Moebius Syndrome is a congenital disease considered rare (with 1 in every 120,000 live births in our country) which most visible manifestations are a "mask face", that is, a expressionless face due to the paralysis of the nerves that give movement to the muscles that control mimicry and expression (forehead, eyebrows, eyelids, lips ...), and the lack of blinking and lateral ocular mobility.
The diagnosis of Moebius syndrome is usually made at the time of birth, since the newborn presents an amimic face. Regarding its causes, although it is still a fairly unknown area, there are studies that point to vascular accidents of the embryo during the first trimester of pregnancy (linked to vasoactive drugs, hyperthermia, maternal trauma, etc.) and a congenital component has also been detected in about one third of the cases studied. However, the exact cause of this disease remains unknown and medical literature presents theories that are in conflict.
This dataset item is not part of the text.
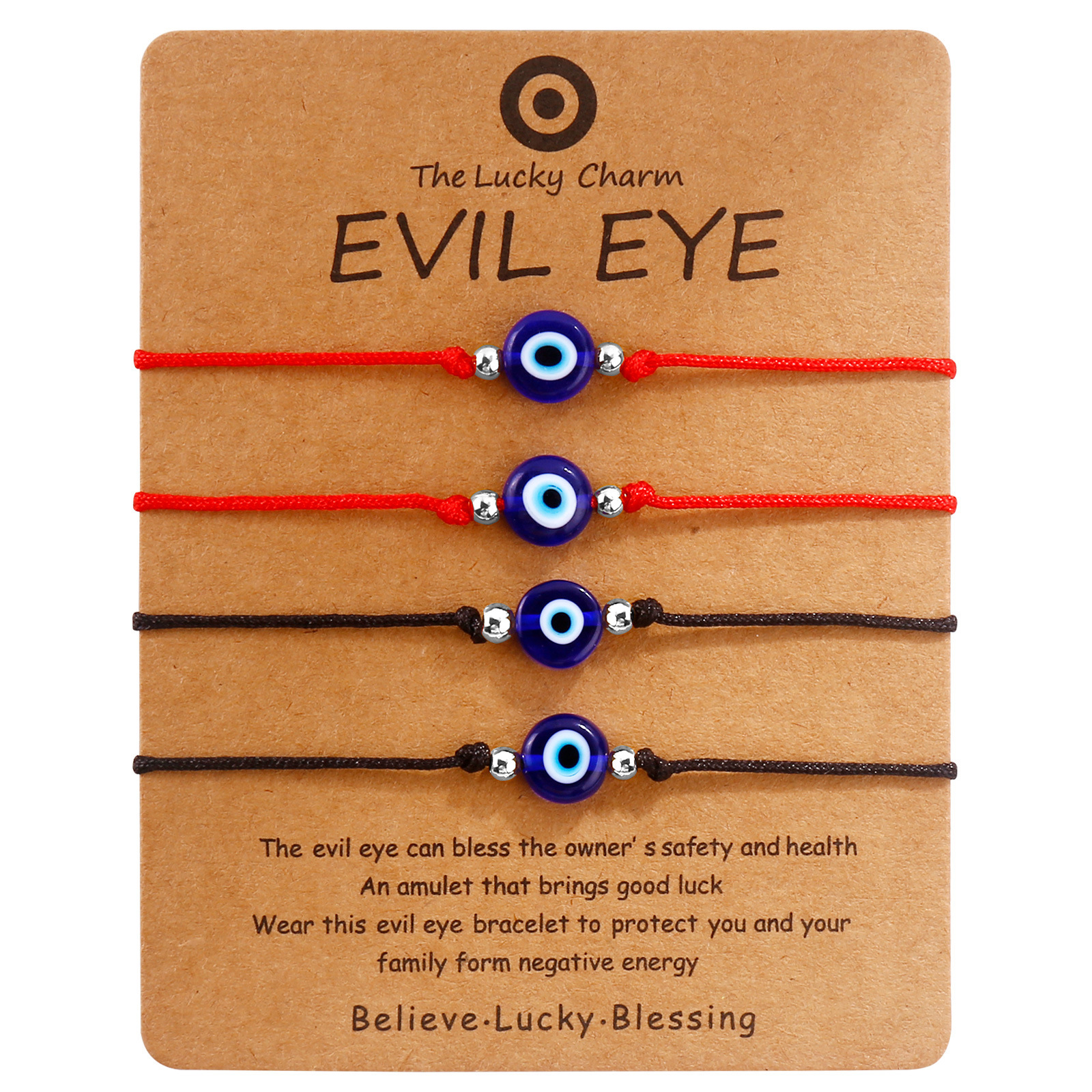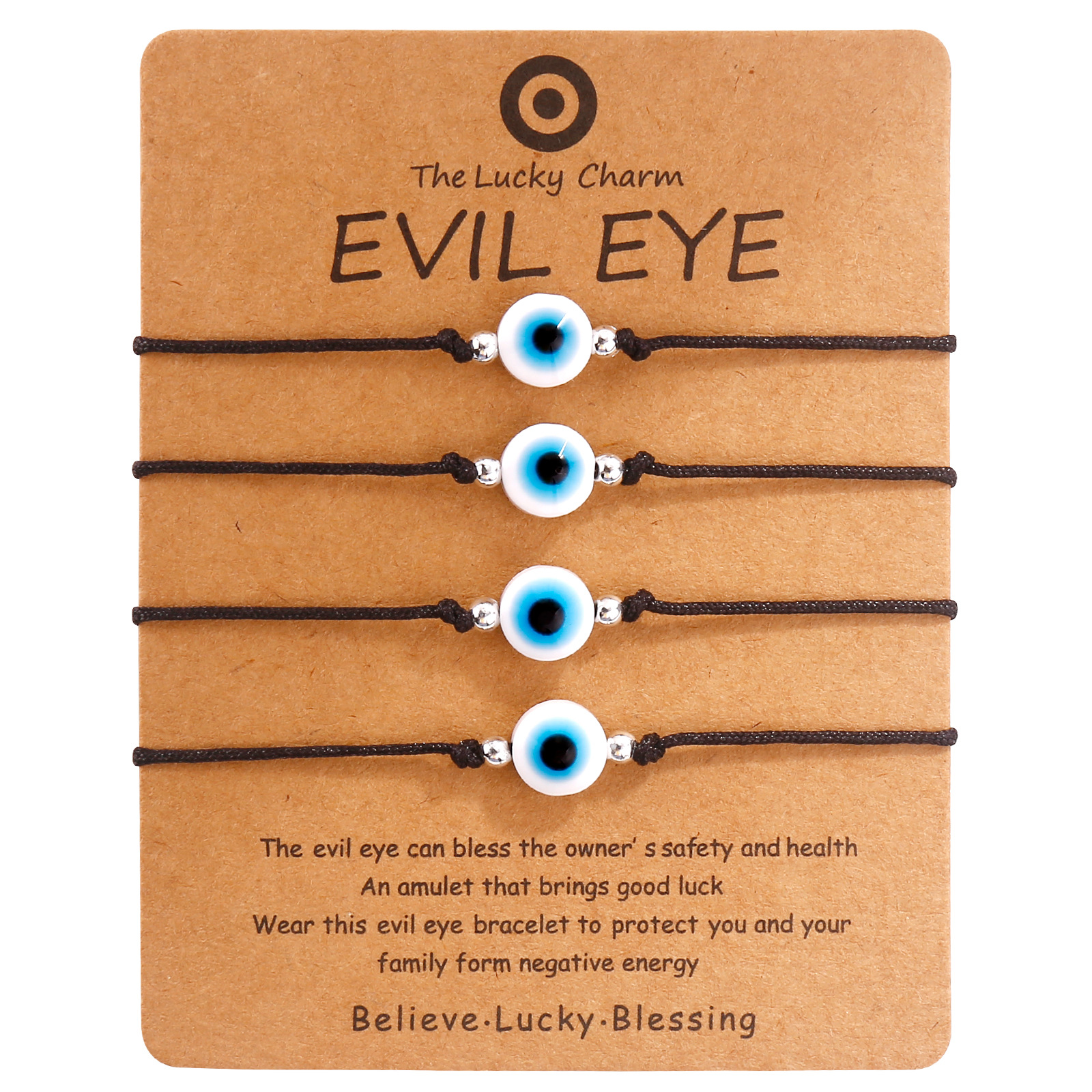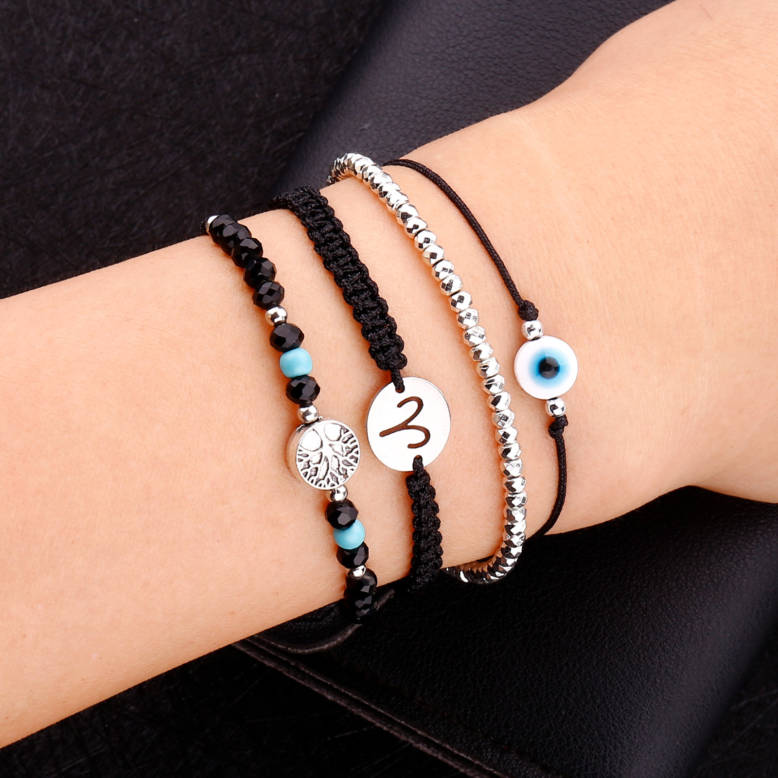 4 black rope sliver beads blue eyes

The treatment of this disease is fundamentally surgical, through two types of surgery: on the one hand, those of active facial resuscitation, which aim to give mobility and facial expression (Myoplasty of temporal muscle elongation according to the Labbé technique, transplantation of a muscle of the thigh to the face,...). On the other hand, there are the techniques that improve the facial static (fascia flaps, tension threads, etc). These procedures are also accompanied by non-surgical therapies, such as the use of artificial tears, facial stimulation, night eye seal, etc.
Although Moebius syndrome is often accompanied by other physical problems, such as malformations of the feet and hands, strabismus, or cleft palate, those affected do not show any intellectual deficit.
In the Maxillofacial Institute we have had the opportunity to treat Marta, a patient with Moebius syndrome, whose treatment has consisted mainly of orthognathic surgery to correct her malocclusion and harmonize her facial skeleton, a myoplasty of lengthening of the temporal muscle, to improve mobility of the labial commissures and give her the ability to smile, and finally fascia lata (thigh muscle) grafts to suspend the lower lip, in addition to therapeutic speech therapy sessions.